2023 American Academy of Neurology Abstract Website

Anika Zahoor¹, Jayme Banks¹, Ryan Tesh¹, Christine Eckhardt¹, Haoqi Sun¹, Adam Greenblatt², Aline Herlopian ³, Ioannis Karakis⁴, Roohi Katyal⁵, Chetan Nayak², Marcus Ng⁶, Jonathan Williams², Irfan Sheikh¹, Fábio Nascimento², Michael Westover¹
¹Neurology, Massachusetts General Hospital, ²Neurology, Washington University in St. Louis, ³Neurology, Yale University, ⁴Neurology, Emory University, ⁵Neurology, Ochsner LSU Health Shreveport, ⁶Neurology, University of Manitoba

Objective:

To measure inter-rater reliability of experts in assessing encephalopathy severity using the VE-CAM-S grading system.

Background:

The VE-CAM-S (Visual EEG Confusion Assessment Method – Severity) scale quantifies encephalopathy severity based on EEG features. However, inter-rater reliability of experts using the scale has yet to be assessed.

Design/Methods:

We created an online test with thirty-two 15-second EEG samples. Each question asked users to indicate the presence/absence of each of 29 EEG features, 11 of which were used in the VE-CAM-S. Gold-standard was based on consensus of 3 authors (IS, FN, MBW). Ten experts from 6 institutions participated.
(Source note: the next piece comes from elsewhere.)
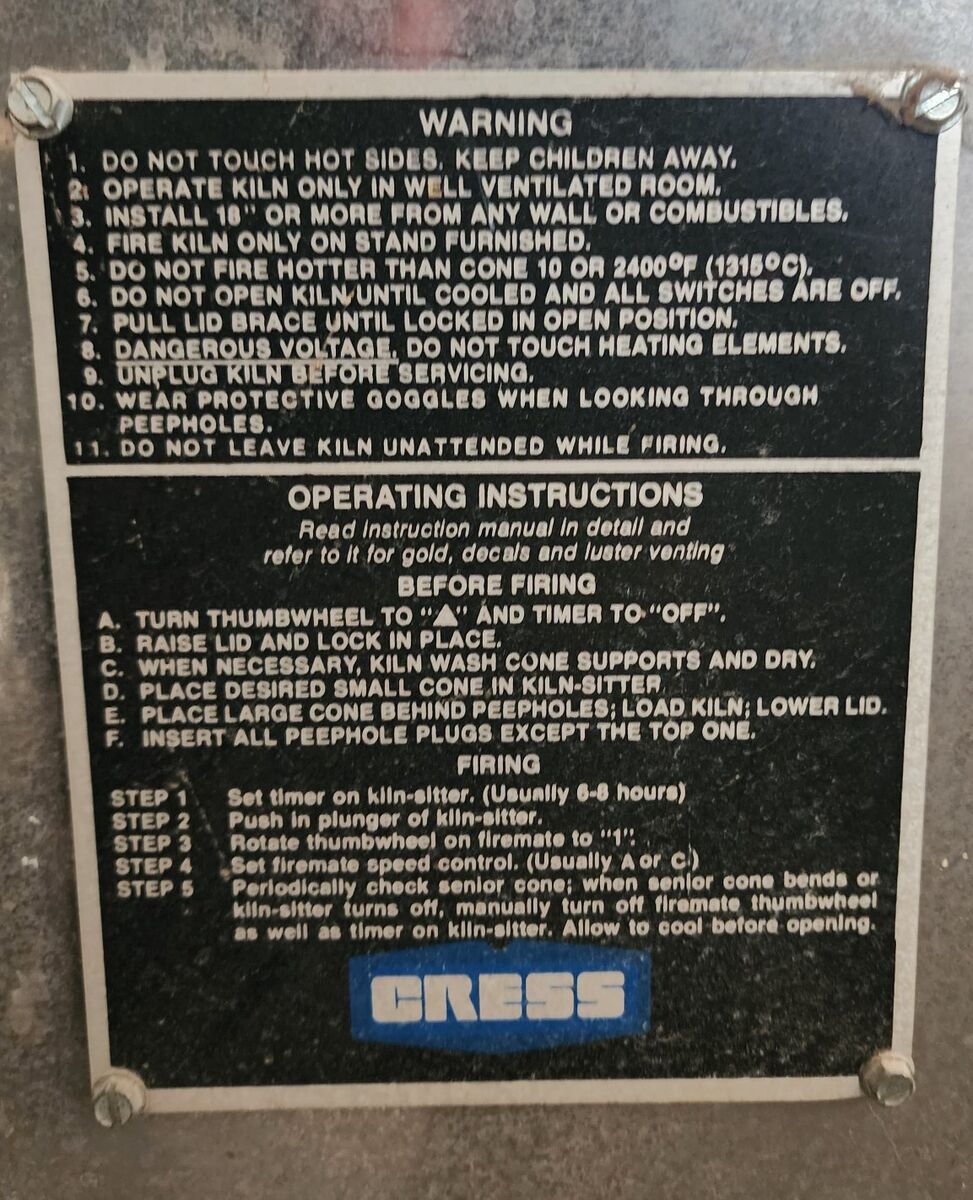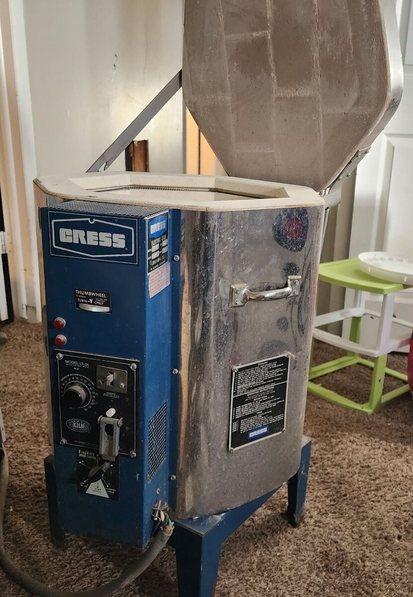 This a near perfect Cress LT-3K ceramics kiln. All coils are in perfect shape. All electrical near perfect, showing age only. No damage to any inner workings or parts. Comes with 3 different cone packages types. Low, Mid and High fire cones. (04, 05, 06) Also comes with a cone pack holder. Comes with one shelf. Includes several pieces of kiln furniture.

We quantified performance by average spearman correlation of VE-CAM-S scores with the gold standard, and average sensitivity/specificity. We performed a qualitative analysis to identify errors in recognizing EEG features that most affected VE-CAM-S scores.

Results:

The average [95%CI] correlation between VE-CAM-S scores with the gold standard was 0.73 [0.59-0.86]. Specificity was very high (>90%) for all but generalized delta (77%). Sensitivity was high (>70%) for all but brief generalized attenuations (69%), generalized periodic discharges (67%), generalized theta (63%), BIRDS (57%), generalized alpha (57%), extreme delta brushes/EDB (50%), and generalized beta (50%). Probable reasons for errors were subtlety of some findings; confusing some findings (e.g., generalized beta vs. myogenic artifact, burst suppression vs. brief generalized attenuations); failure to correctly recognize BIRDs (mislabeled as focal IEDs) and EDB (mislabeled as GRDA). The largest errors occurred when experts missed or falsely identified features that carry higher weight in the VE-CAM-S scoring rubric.

Conclusions:

Expert agreement in VE-CAM-S scoring is high. Error analysis identified several ways to improve future versions, including breaking high-stakes features into smaller parts; creating a “cheat sheet” with scored examples to allow scorers to choose the closest match; and designing teaching materials to help scorers recognize subtle variations of high-stakes patterns.